Kebiasaan ibu bersalin yang tidak baik, sebagian besar ibu yang mau bersalin sebaiknya tidak mengetahui diluar keluarga sehingga tidak mengkomunikasikan kepada orang lain (seperti tenaga kesehatan) karena kehamilan dirahasiakan, hal ini disebabkan karena takut adanya orang-orang yang menganggu proses persalinan. Yang mengetahui hanya dukun kampung. Apabila persalinan tidak mengalami faktor penyulit, maka persalinan langsung ditolong dukun kampung. Apabila terjadi penyulit (persalinan macet) ibu baru minta bantuan ke bidan desa atau tenaga kesehatan lainnya untuk mendapat suntikan angin (merangsang uterus) untuk mempercepat persalinan..

Sebagian besar ibu bersalin selalu minta didampingi oleh dukun kampung, karena memberikan rasa nyaman, mendampingi sampai selesainya persalinan, serta melakukan pekerjaan rumah diselesaikan oleh dukun sampai masa edah berakhir, sedangkan petugas kesehatan hanya memberikan obat dan pulang dan datang kembali sampai 40 hari (masa edah selesai).

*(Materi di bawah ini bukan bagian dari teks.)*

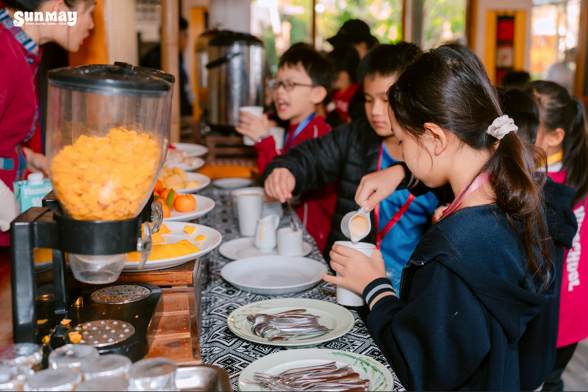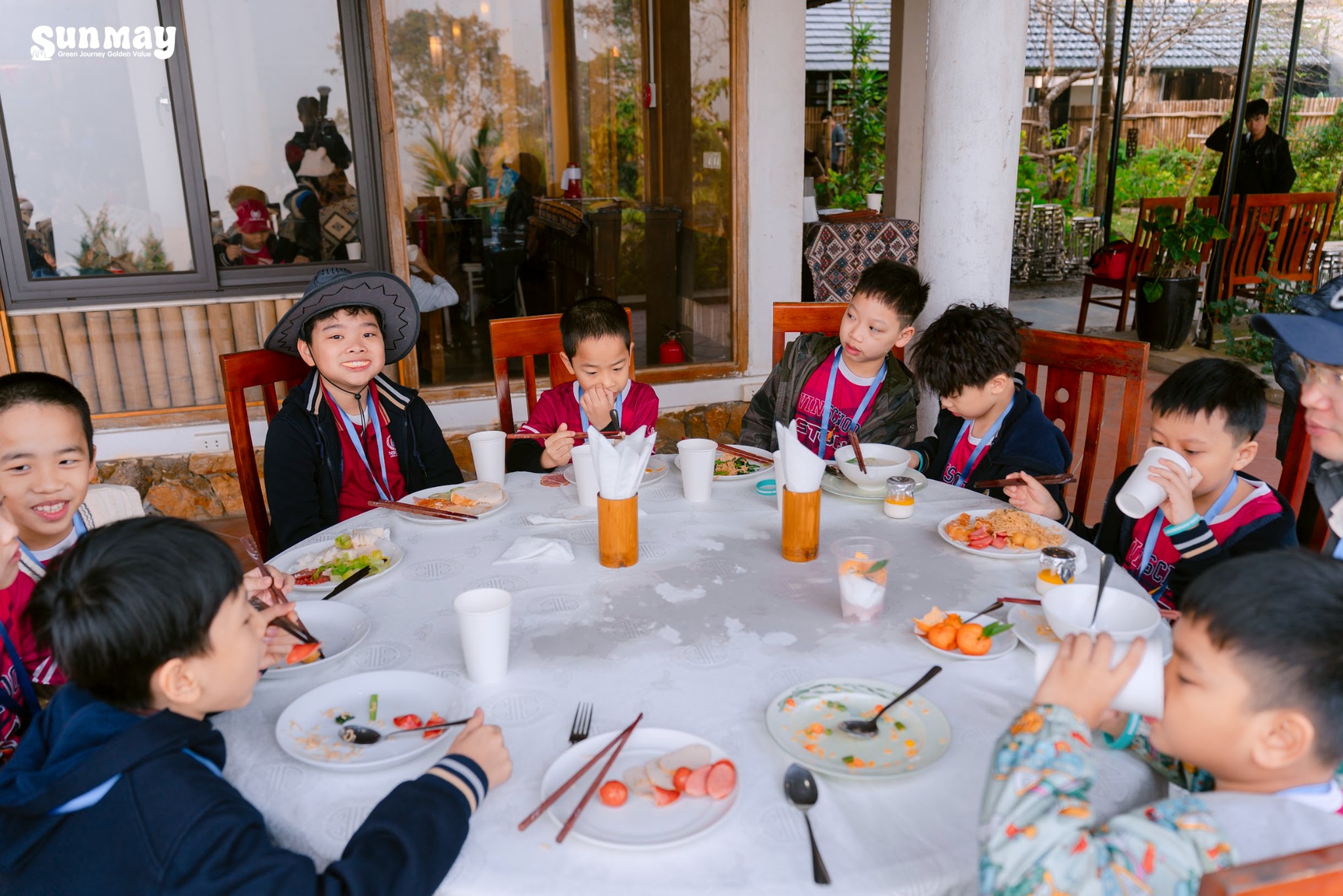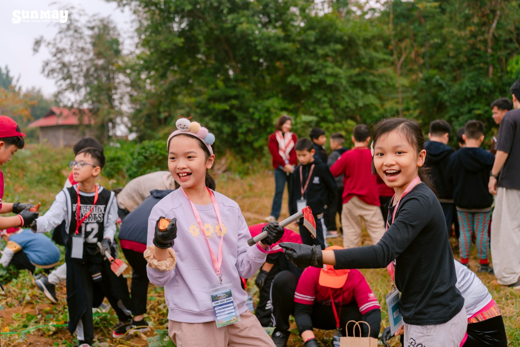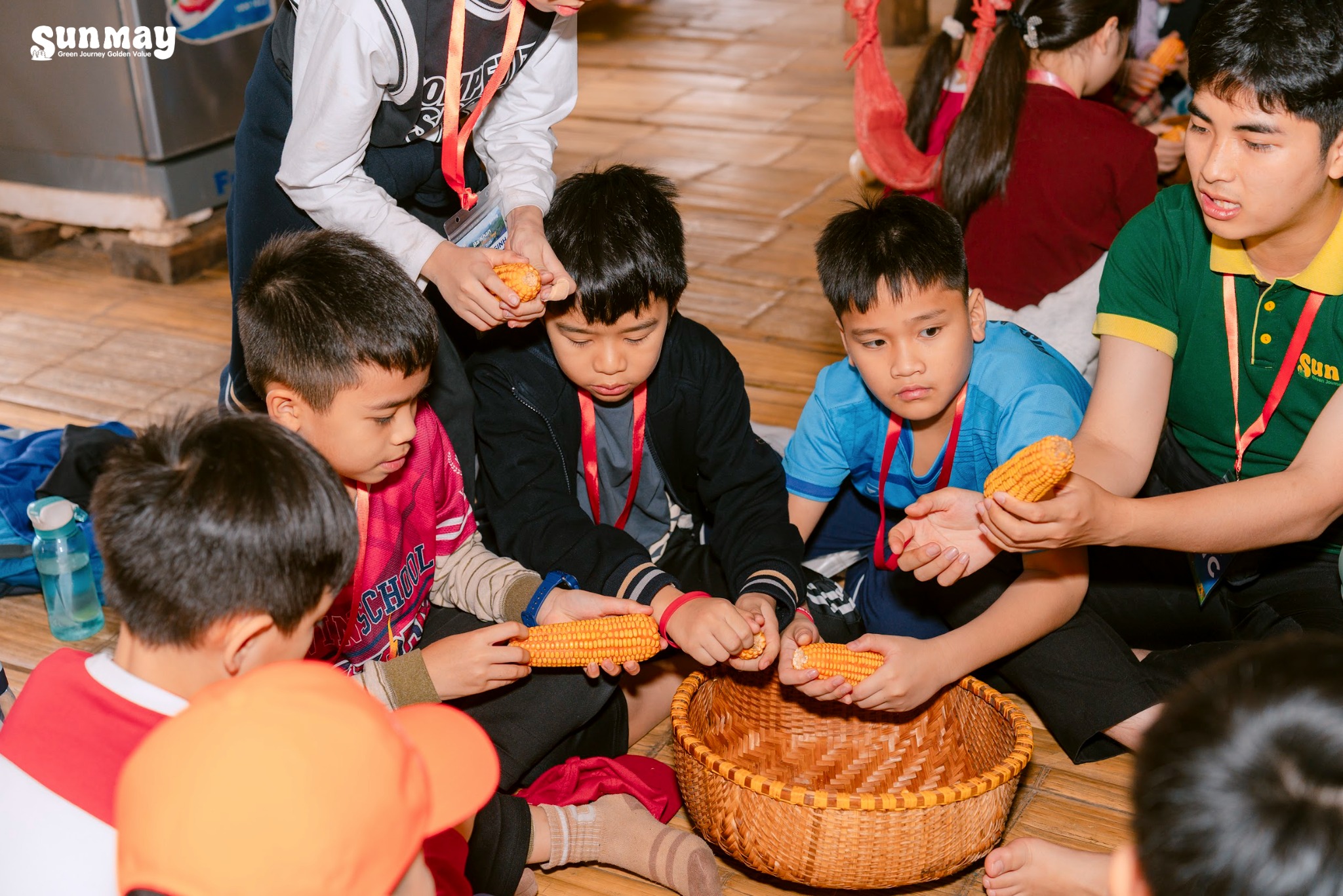 Các con theo chân người bản địa trekking qua những con đường núi, ghé thăm nhà sàn truyền thống, tìm hiểu nếp sống của người dân và tự tay học cách tách hạt ngô. Những trải nghiệm mộc mạc nhưng mới lạ đã mở ra cho các con một góc nhìn rất khác về cuộc sống vùng cao.

Mendukung penelitian Martha dkk (2006) tentang hambatan dan pendukung penyediaan dan pemanfaatan pelayanan bidan di desa di Kabupaten Pandeglang Propinsi Banten, menyimpulkan bahwa masih terdapat persepsi masyarakat terhadap kematian ibu disebabkan oleh faktor non medis seperti: agama, kepercayaan dan faktor supranatural. Persepsi tersebut menyebabkan perhatian terhadap kesehatan ibu menjadi lebih rendah.